MATs, SATs and Maintained Schools

This post forms the second in a short series of blog posts about the current governance structure of schools in England, ahead of the Government’s expected while paper this spring. The previous post was about the review of the Education and Skills Funding Agency. In this post I focus on the landscape of school structures: multi-academy trusts (MATs), single-academy trusts (SATs) and local authority (LA) maintained schools from the perspective of a governor / trustee.

I will draw heavily on Sam Freedman’s report this month released by the Institute for Government as well as the excellent discussion in the Confederation of School Trusts’ report “What is a Strong Trust?“. One does not have to completely agree with Freedman’s or the CST’s perspectives to find both reports clear, well-argued, and a very useful step towards a greater debate in the education sector.

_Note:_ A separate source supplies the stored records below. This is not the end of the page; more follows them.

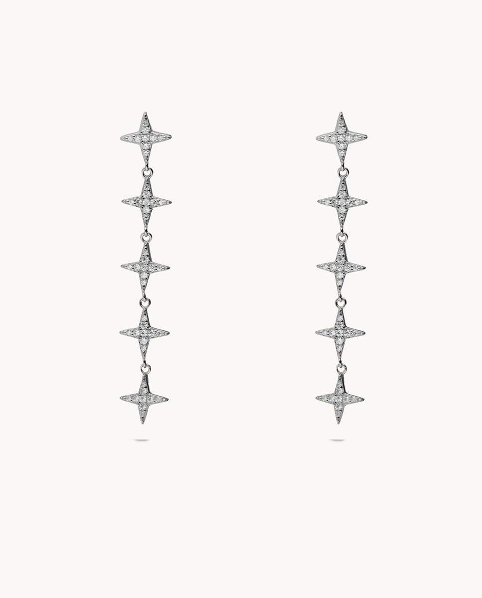 Pendientes de plata de ley 925 bañada en rodio de 5,5 cms de largo, con cinco estrellas de circonitas blancas de 9 mm x 9 mm (ancho por alto) cada una y cierre de presión.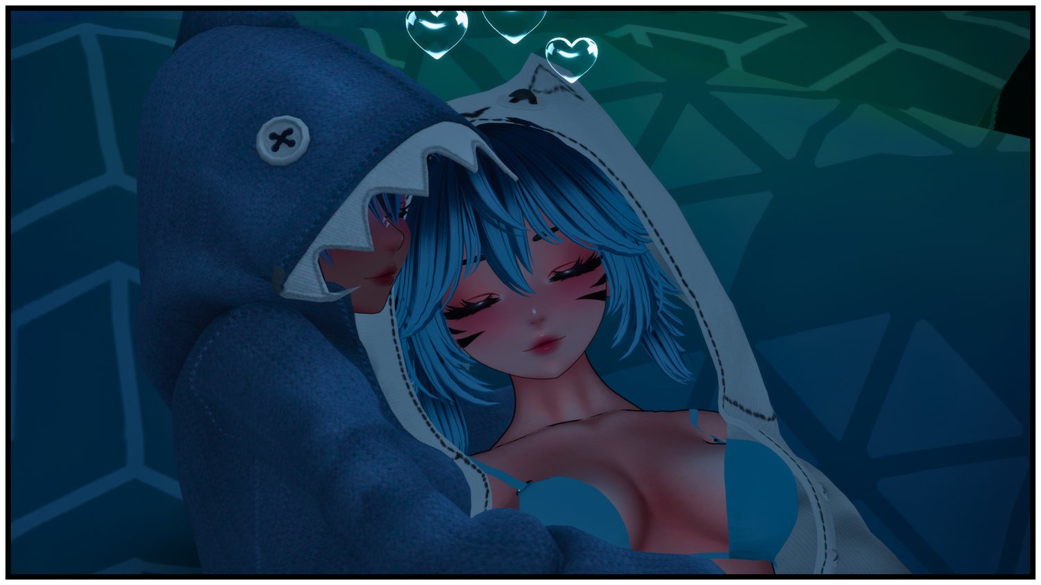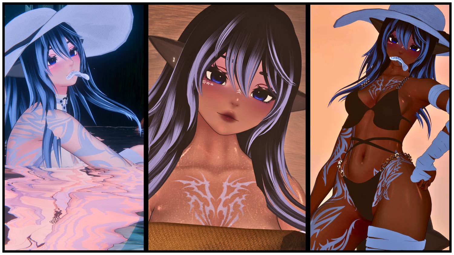VRBASE E-Girl (Sculpted by me), Bodysuit (Edited by me), Shorts, Harness by Zinpia, Body texture by Maddiiee, Tattoo (edited by me), Straps by gelw0, Face-tracking by Threevee, Onsie by Suki, Bikini by Moon Jelly, Fishies by GM's Box, Shark parts by Pirranhaz, Hat by Blake_CID, Menu Icons by Floof, Items not listed were made by me or custom-made for me.
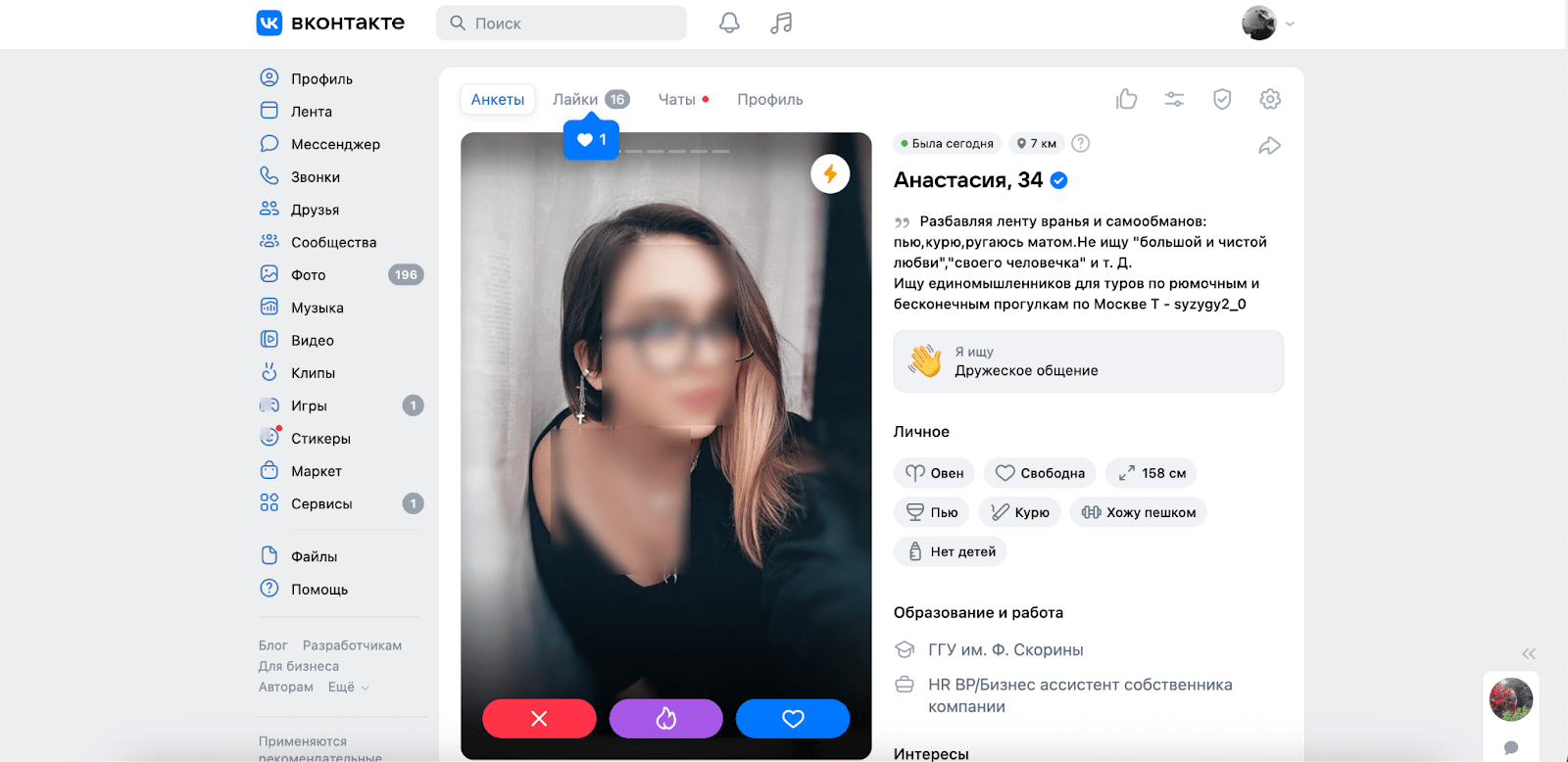 Формат взаимодействия привычный для современных людей. Свайпы, лайки, короткие сообщения. Аудитория здесь не так велика, как на других сайтах. Но это даже плюс — меньше конкуренции! Практически все профили настоящие, так как они привязаны к действующим аккаунтам социальной сети.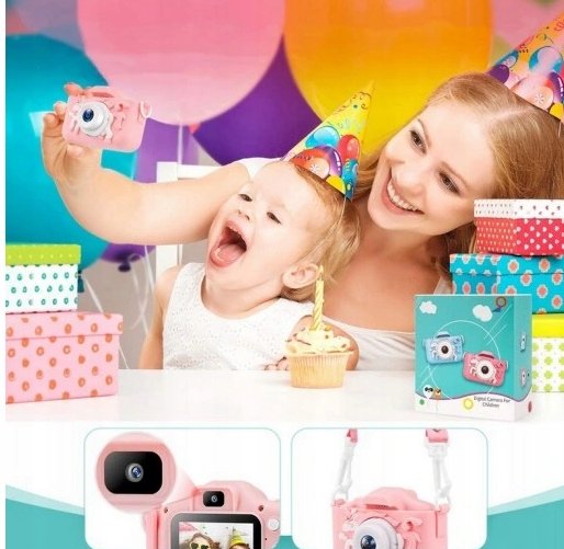 2 ″ LCD displejfotoaparát pre najmenších! 2v1 - okrem možnosti zhotovovania snímok umožňuje aj záznam vo Full HD so zvukom! Zariadenie vám umožňuje použiť rôzne filtre na fotografie, tj. Čiernobiele fotografie, sépia, rôzne verzie negatívu. Má schopnosť zhotovovať sériové fotografie. Okrem toho existuje veľa rámčekov, ktoré oslovia každé batoľa, ako sú hračky, narodeninové balóniky, medveď so včelami, mraky a mnoho ďalších. Vďaka jednoduchému ovládaniu a vysokej kvalite zhotovovania fotografií a videí bude dieťa rozvíjať kreativitu a výtvarné cítenie a zároveň sa bude skvele baviť.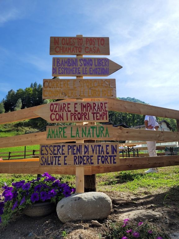 Tutto questo è sintetizzato nel cartello colorato all’entrata dell’area esterna, adiacente alla casa, dove c’è scritto: “In questo posto chiamato casa i bambini sono liberi di esprimere le emozioni, correre e sporcarsi, condividere le loro idee, oziare e imparare con i propri tempi, amare la natura, essere pieni di vita e in salute e… ridere forte!!!.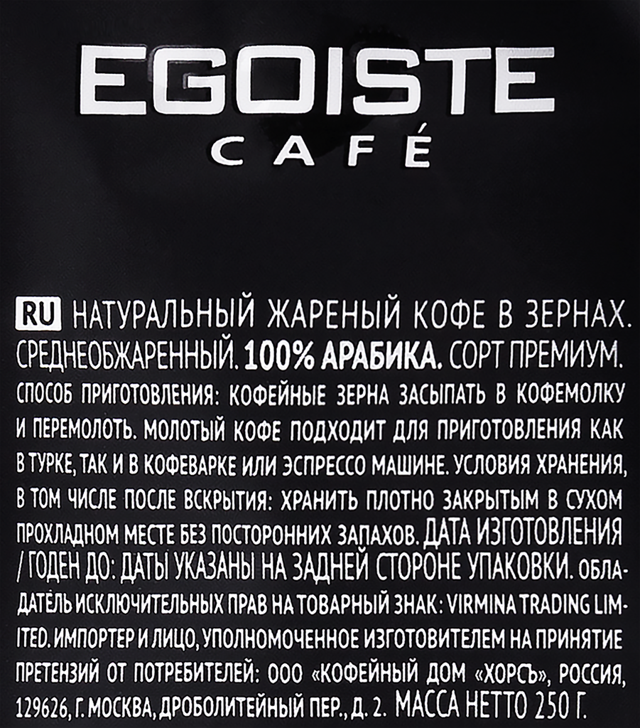 Купить Кофе в зернах Egoiste Noir, 250 г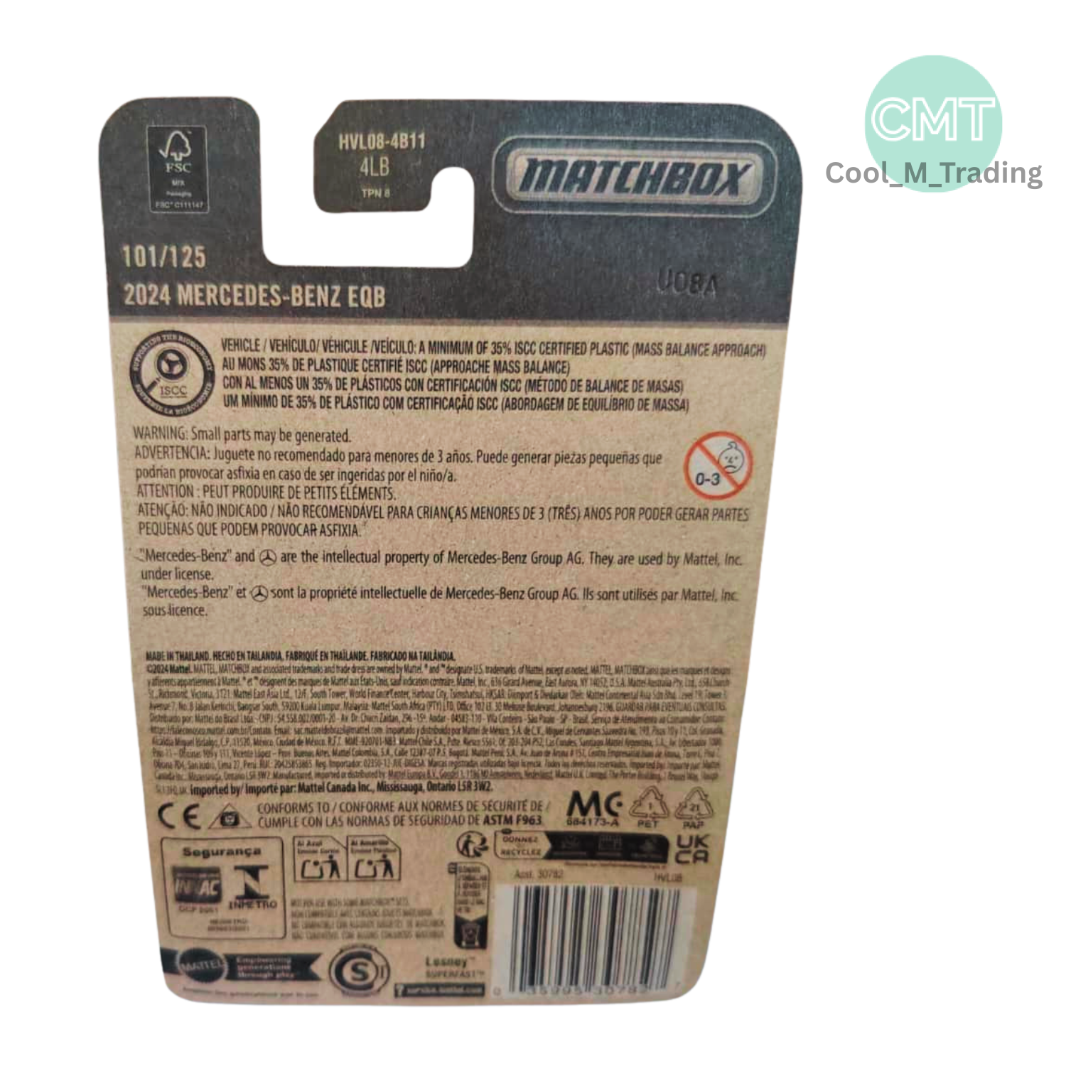 Featuring the sleek 2024 Mercedes-Benz EQB in white, this 1/64 scale diecast model captures realistic details and authentic Matchbox quality.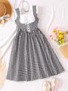 SHEIN Tween Girl Casual Elegant Cute Puff Sleeve A-Line Dress, Square Neck Plaid Drawstring Dress, Suitable For Spring, Summer, Autumn, Outdoor, Vacation, School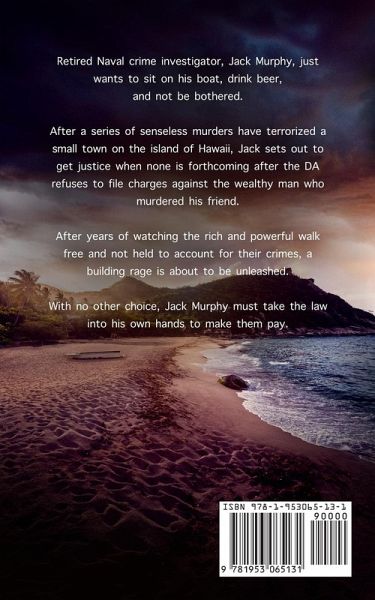 Retired Naval crime investigator, Jack Murphy, just wants to sit on his boat, drink beer, and not be bothered. After a series of senseless murders have terrorized a small town on the island of Hawaii, Jack sets out to get justice when none is forthcoming after the DA refuses to file charges against the wealthy man who murdered his friend. After years of watching the rich and powerful walk free and not held to account for their crimes, a building rage is about to be unleashed. With no other choice, Jack Murphy must take the law into his own hands to make them pay.
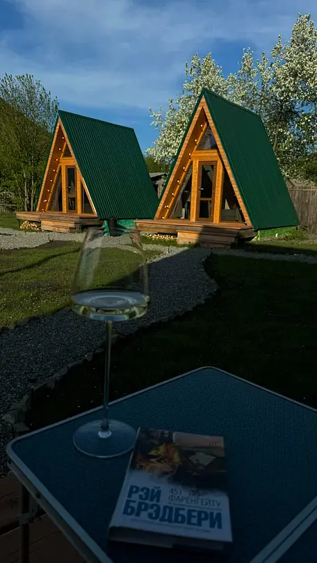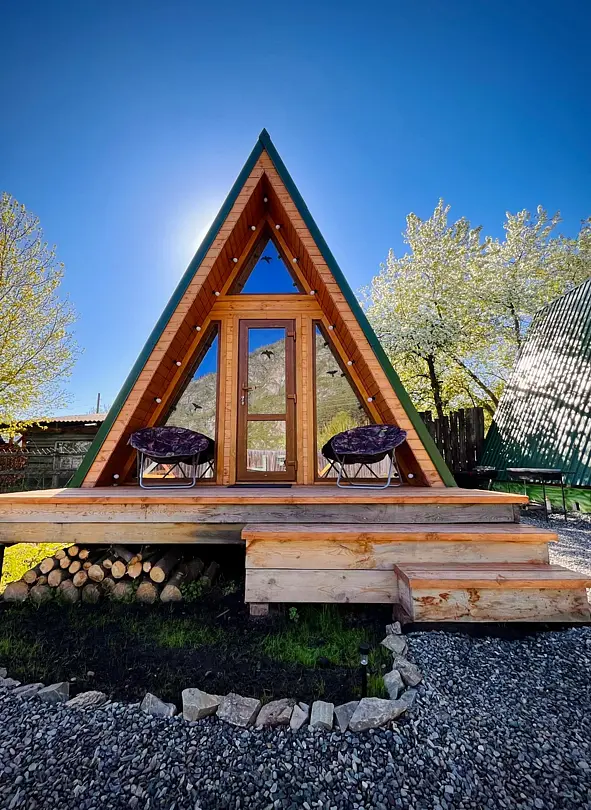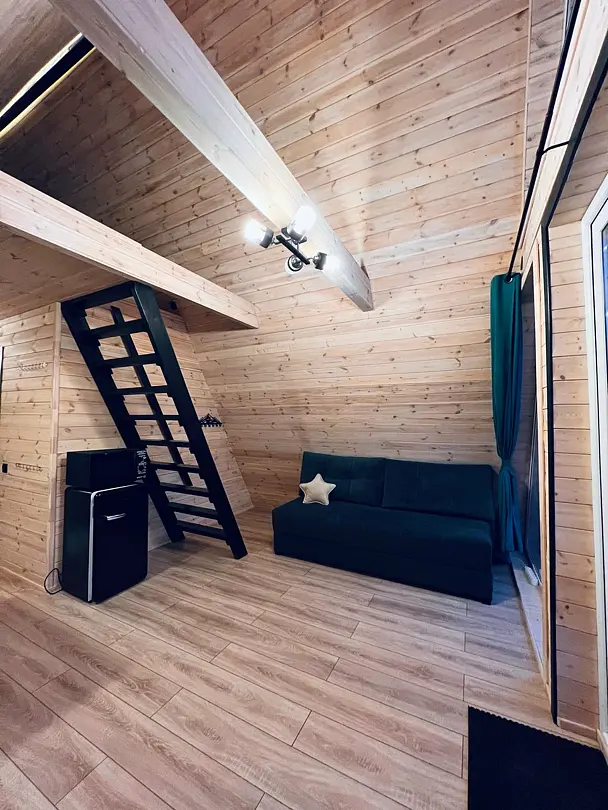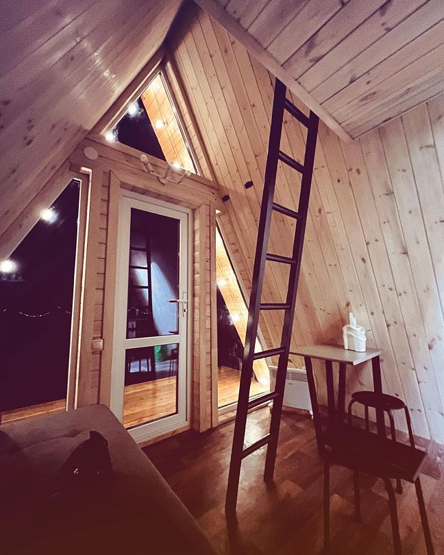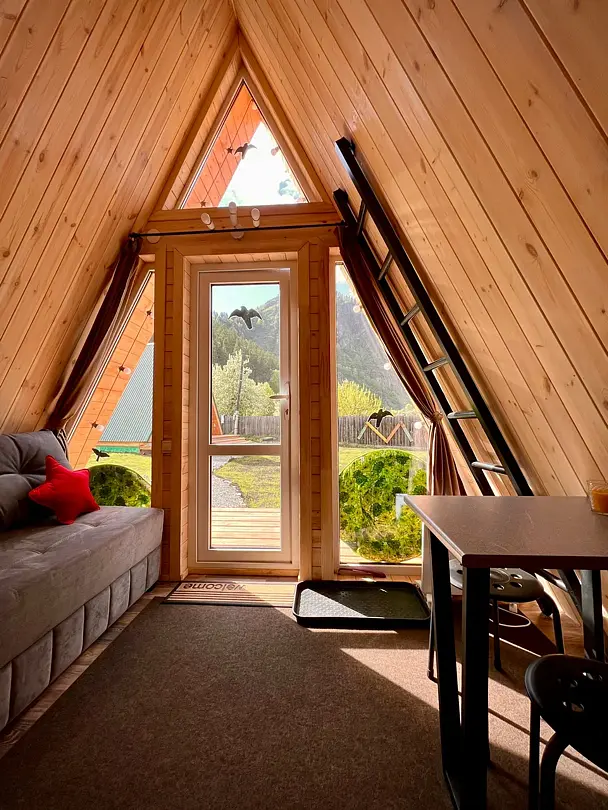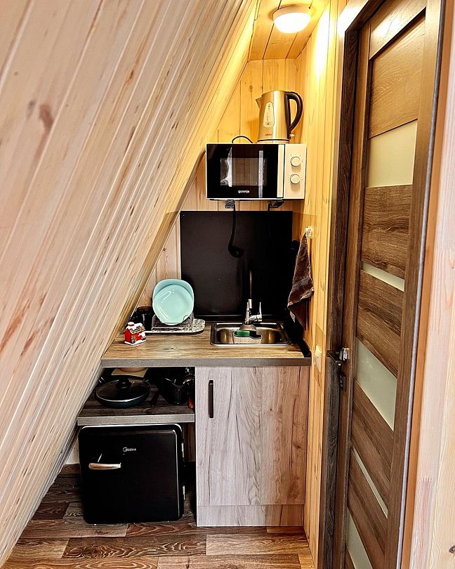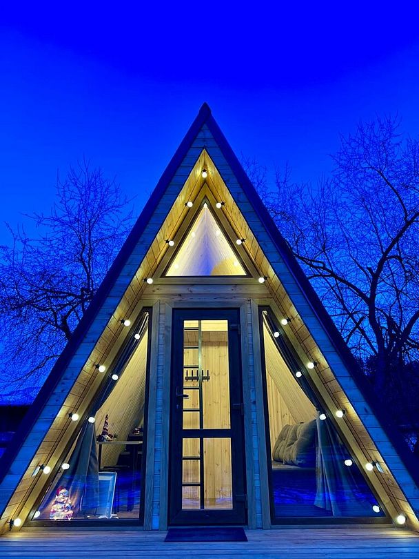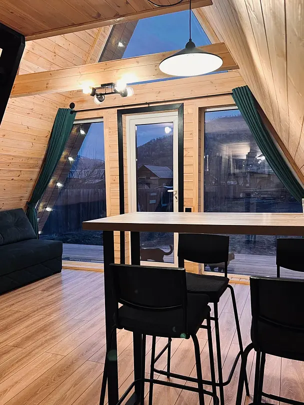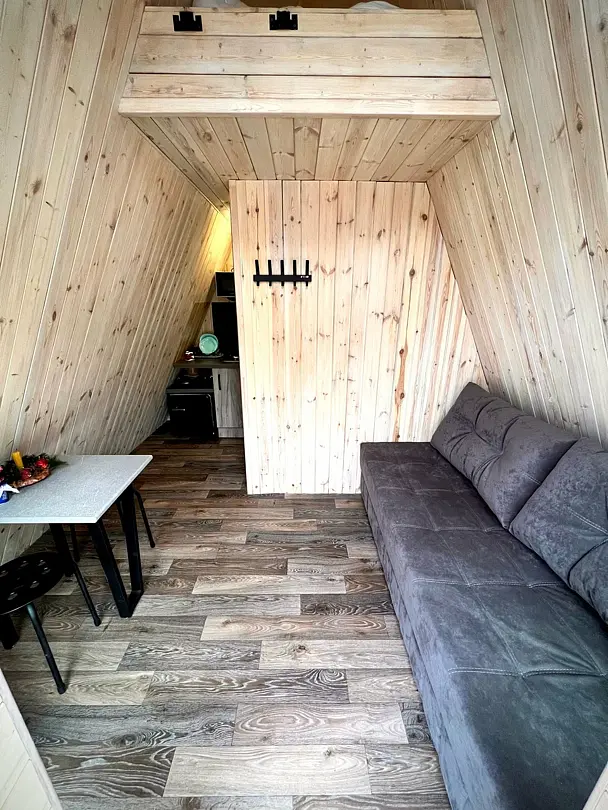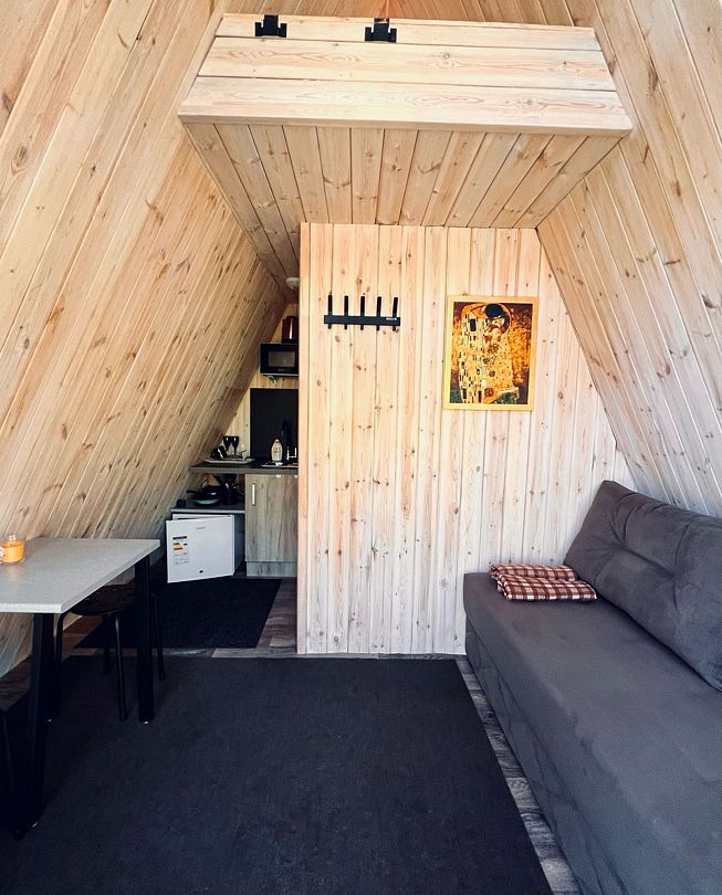 Уютные домики типа А-фрейм оснащены всем необходимым для комфортного проживания: спальными местами, санузлом с душем, оборудованной кухней, набором посуды, телевизором и прочими удобствами.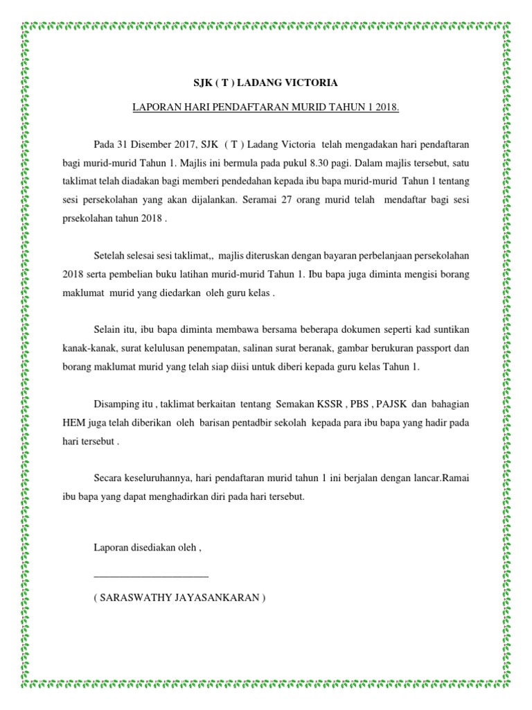 Senarai Semak Keperluan Pendaftaran Pelajar Tahun 1

Freedman notes what is obvious to anyone who has worked in or with the sector – that the current dual system of maintained schools and academies leads to significant duplication and inefficiency. He notes that the regulatory system for academies is ‘incoherent’, largely as a result of the ESFA/DfE split I dealt with in my last blog post. He mentions – quite rightly – that LAs’ statutory responsibility for SEND and certain safeguarding requirements further complicates the picture when they have no effective oversight or intervention powers over academy trusts.

Early Academisation Errors

My experience is that the rapid expansion of the academies programme after the Academies Act 2010 was mismanaged. We have been left with a patchwork of schools and a web of contractual agreements. Schools which converted early have often been left with legacy articles of association based on the early model articles which demonstrated little insight into how schools could evolve under poor governance (modern model articles are much improved, though not perfect). Regulators have been left with very limited powers to improve matters, and it should not have come as a surprise to government that – as Freedman states – “[By 2012/3] with things moving so fast it quickly became apparent that the Department for Education (DfE) was becoming overwhelmed and could not properly oversee that many schools.” The unfortunate reality is that many schools are still stuck with the legacy of poor decisions made during this period.

Three School Structures

There are currently three main models for schools in England: those which are part of a multi-academy trust (MAT), those which are a single-academy trust (SAT) and those maintained by local authorities. Often in these discussions the first two types of school are lumped together, and it becomes a discussion about academies versus non-academies, but I think these three situations deserve distinct analysis. In particular, oversight of an individual school’s performance in the maintained sector and in the MAT sector is, in my experience, stronger than in the SAT sector, which is the outlier in terms of sufficient oversight. I wonder how many SATs are maintaining an Ofsted grade above inadequate, and therefore not subject to intervention, but are nevertheless not performing at the level they might be if they had closer interaction with other schools.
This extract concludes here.